= Mangal Chotta Singh =

Mangal Chotta Singh

Mangal Chotta Singh (died 14 February 1971) was a pioneer in and promoter of Indian dance and music in Singapore. Initially a medical practitioner, he founded the Ramakrishna Mission Orchestra, the first Indian orchestra in Southeast Asia, in 1939. In 1986, he was posthumously awarded the Kala Ratna.

==Education and medical career==
Singh was the son of wealthy trader Thakur Mangal Singh Gaur. He studied at the King Edward VII College of Medicine in Singapore in the 1920s. After graduating, he established the Mangal Dispensary on Dunlop Street.

==Career==
While Singh was initially only an amateur dancer and musician, he was the "earliest competent exponent and teacher of Hindustani music and North Indian dance" and "became known to almost every Indian household in Singapore because of his knowledge of, and performance ability in, Indian music and dance." He eventually left his occupation as a medical practitioner to focus on music and dance. Singh remained musically active from the mid-1920s to the 1960s. When poet Rabindranath Tagore visited Singapore in 1927, Singh composed a song for him. He wrote An elementary guide to Indian music and harmonium playing, which was published in 1936. In a paper published in the Journal of Southeast Asian Studies, Jim Sykes of the University of Pennsylvania described the book as an "excellent portrayal of Singapore's multicultural mix, containing descriptions of sheet music for the harmonium, with lyrics in romanised Hindi and English."

In 1939, Singh founded the Ramakrishna Mission Orchestra, the first Indian orchestra in Southeast Asia. He also founded the Ramakrishna Ladies Orchestra. The two orchestras would later merge to form the Ramakrishna Sangeetha Sabha in 1950. His name would later become "synonymous" with the orchestra. Singh was also a founding member of both the Singapore Indian Association and the North Indian Hindu Association. He served as the president of the latter organisation from 1927 to 1928, from 1939 to 1940, and from 1942 to 1945. From 1954 to 1964, he served as the president of the Ramakrishna Sangeetha Sabha. He also served as the honorary treasurer of the Arya Kumar Sabha. In 1960, he headed the organising committee for a concert that was to be Victoria Theatre and Concert Hall in celebration of Tagore's birthday. He also led the music departments of several local Indian organisations. Prominent conductor Paul Abisheganaden and his brother Gerard were among Singh's students. He was "adept" at various forms of Indian music and dance, including Hindustani classical music and North Indian dances.

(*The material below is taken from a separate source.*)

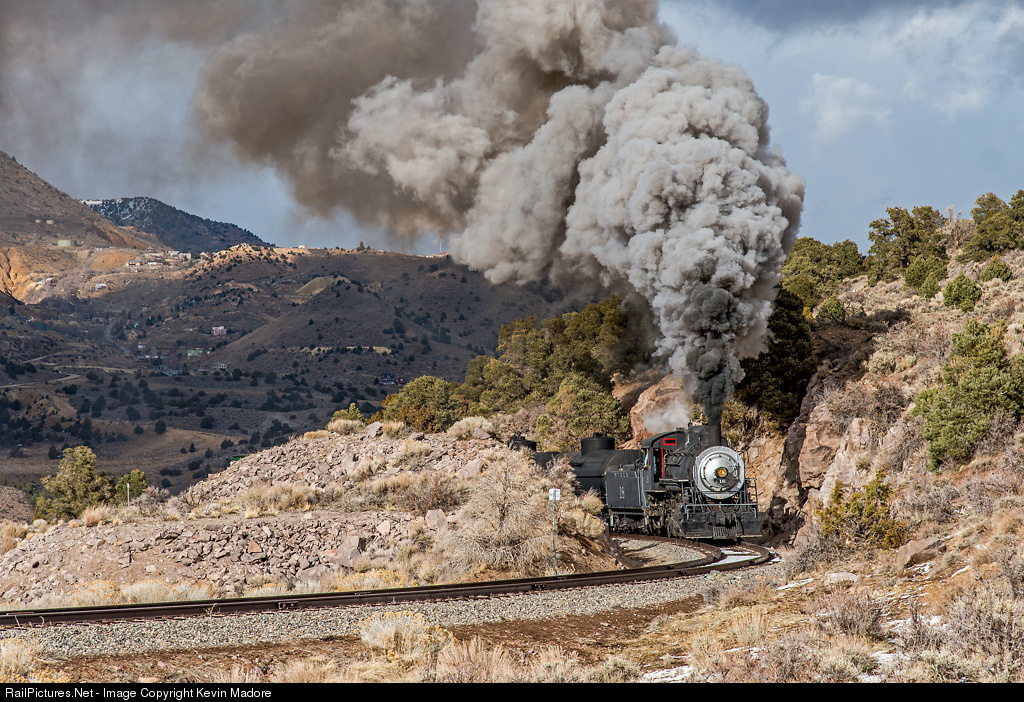 Steamscape: American Flat. Just north of American Flat Tunnel, a V&T Freight passes through a rock cut and begins to traverse the wide, sweeping horseshoe curve at American Flat. Known as the "crookedest shortline in America", the V&T Virginia City Branch follows the contours of the hills as it takes about the most circuitous path possible to reach Gold Hill and Virginia City. On the run from Carson City to Virginia City, it is said that there are enough degrees of curve to make 17 complete circles!!!. That's the old mining town of Gold Hill that you see in the distance on the left. Physically, it is probably less than two miles distant, but the train will travel roughly double that distance getting there, on a steady 2.2% grade doing so.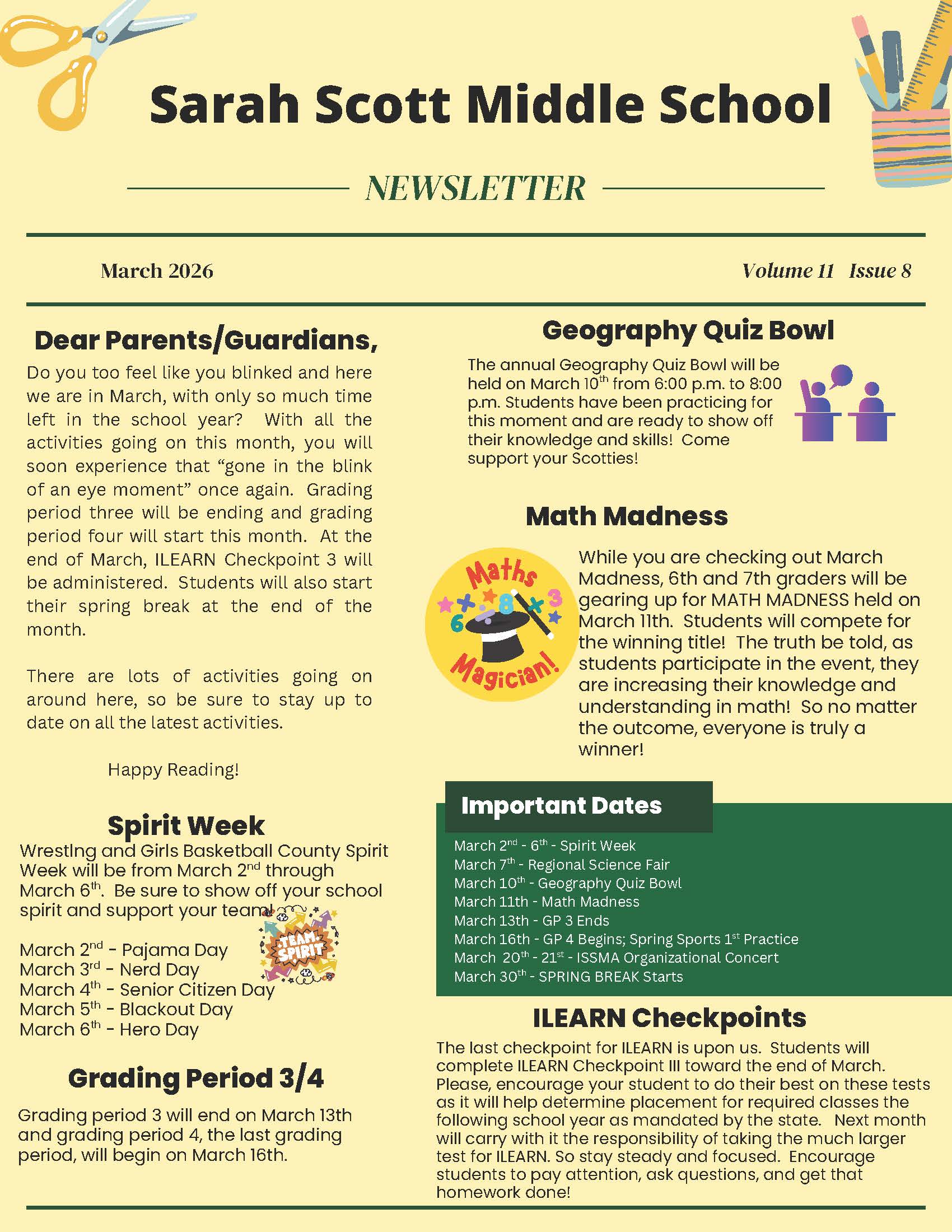 Sarah Scott Middle School - March Newsletter

==Personal life and death==
Singh and his family lived on Cuff Road. According to his grandnephew, before the outbreak of World War II, Singh would produce music by hitting chipped floor tiles together. He died at the age of 82 on 14 February 1971. In 1986, he posthumously received the Kala Ratna award from the Singapore Indian Fine Arts Society for "promoting Indian music". Singh's grandnephew was presented with a plaque on his behalf. He was one of two musicians to receive the award in that year, along with M.V. Gurusamy.